Seventy-one years after Lindbergh's solo crossing of the Atlantic, a small, unmanned aircraft replicated his feat. Doctors Greg Holland and Tad McGeer of The Insitu Group, a small firm located in the Columbia River gorge of the Pacific Northwest, had begun developing the Aerosonde in 1992 as a small- (30-lb) but long-endurance (30-h) carrier for meteorological instruments into open-ocean regions seldom monitored for weather. Designed to be a totally automatic plane, it borrowed a page from Lawrence Sperry's book on launching UAVs by riding in a special car roof rack until the car reached flying speed. At that point, about 50 mph, the driver would reach out, trip a release, and the drone would lift up and away. At mission's end, it would skid to a stop on its reinforced belly. Elegant, reliable, and inexpensive, these techniques sidestepped what had been a nearly insurmountable hurdle for Sperry, Kettering, and the other early pioneers, and allowed Insitu to focus on performing the airborne mission.

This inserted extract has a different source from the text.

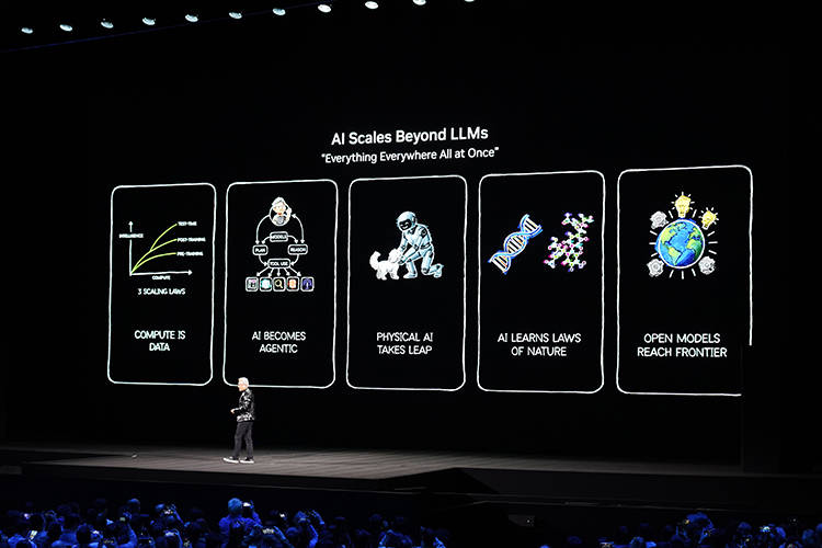 详细来看,今天主题演讲的内容主要揭示了人工智能产业的根本性变革,首先是代理式系统崛起,其次是开放模型生态爆发,最后是物理AI落地突破和产业赋能与生态协同。AI从原来的单一应用,在开源模型等前沿科技的加持下升级为了基础结构,有着驱动计算模式、产业形态与技术生态的全方位重构能力。

Good endurance was critical to competing with weather balloons, and by 1996, they had flown Aerosonde on a 24-h flight. Its small size precluded carrying the bulk of a satellite data link for communicating while over the horizon from its ground station, which was for most of its flight, so it had to be capable of thinking for itself during long periods of isolation. By early 1998, they had it execute a completely autonomous flight, including its takeoff and landing. With...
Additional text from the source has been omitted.